Don Zimmer, who managed the Texas Rangers for two seasons in the 1980s, died Wednesday in Florida. He was 83.
Zimmer was a popular fixture in professional baseball for 66 years as a manager, player, coach and executive. He was still working for the Tampa Bay Rays as a senior adviser, and the team confirmed he had died.
Zimmer had been in a rehabilitation center in Florida since having seven hours of heart surgery in mid-April.
“Baseball was his life. He was a really great ambassador of the game,” former catcher Jim Sundberg, who played for Zimmer with the Rangers and Cubs, said. “Not only did he manage, but he held other positions in the dugout and later in the front office.”
After starting as a minor league infielder in 1949, Zimmer went on to have one of the longest-lasting careers in baseball history.
Zimmer played for the only Brooklyn Dodgers team to win the World Series, played for the original New York Mets, nearly managed the Boston Red Sox to a championship in the 1970s and was Joe Torre’s right-hand man with the New York Yankees’ most recent dynasty.

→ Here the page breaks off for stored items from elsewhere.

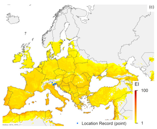 Modelled climate suitability (CLIMEX Ecoclimatic Index) for (a) Halyomorpha halys, (b) Trissolcus japonicus and (c) Trissolcus mitsukurii in Europe modelled using CLIMEX Compare Locations. Suitability for all three species is mapped as a composite of natural rainfall and irrigation based on identified irrigation areas [77].
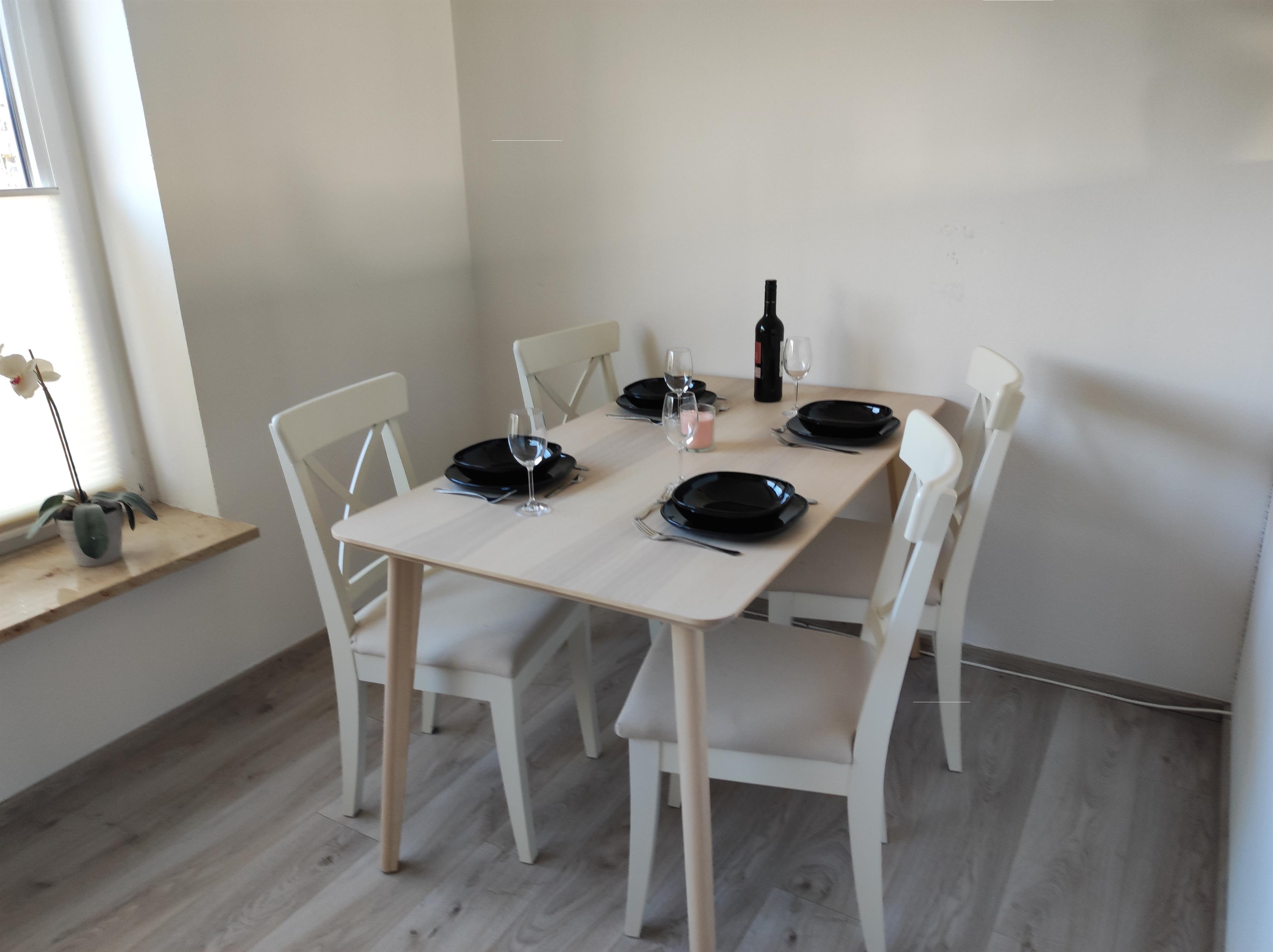 Die gemütliche maritime Ferienwohnung befindet sich im Erdgeschoss mit separatem Eingang. Das Wohnzimmer bietet eine gemütliche Sitzgruppe, einen Fernseher und Wlan. Die Einbauküche ist mit Elektroherd, Backofen, Induktions-Kochfeld, Kaffeemaschine, Toaster und Wasserkocher bestens ausgestattet. Im Badezimmer sind Haltegriffe, Duschstuhl und ein Föhn vorhanden. Außerdem gibt es eine Waschmaschine, einen Wäscheständer, ein Bügeleisen und ein Bügelbrett. Die Ferienwohnung ist für 2 Personen und ein Kind ausgelegt. Mit dem Auto oder mit Rad können Sie von hier aus wunderbar die Region erkunden. Schleswig liegt vor der Haustür in ca. 4 km Nähe. Auch Nord- oder Ostsee sowie Dänemark sind in 35 km schnell erreicht. Und für entspannte Tage im Garten bietet die Ferienwohnung eine Terrasse. Bettwäsche, Handtücher und Endreinigung inklusive. Keine Haustiere!
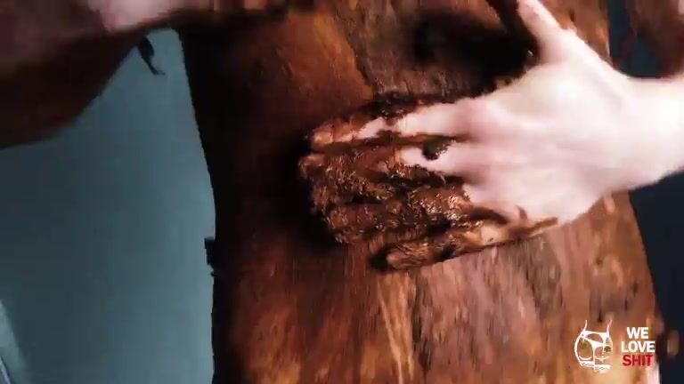 Rubbing her body with smelly sticky shit

Zimmer managed the Texas Rangers in 1981 and 1982, going 121-146 in that span.
Zimmer played for Hall of Fame manager Casey Stengel and coached Derek Jeter — quite a span, by any major league measure.
It wasn’t always easy, either. Early in his career, he was beaned by a fastball and doctors had to put metal screws in his head. Many years later, Boston pitcher Pedro Martinez tossed Zimmer to the ground during a fight between the Red Sox and Yankees at Fenway Park in the playoffs.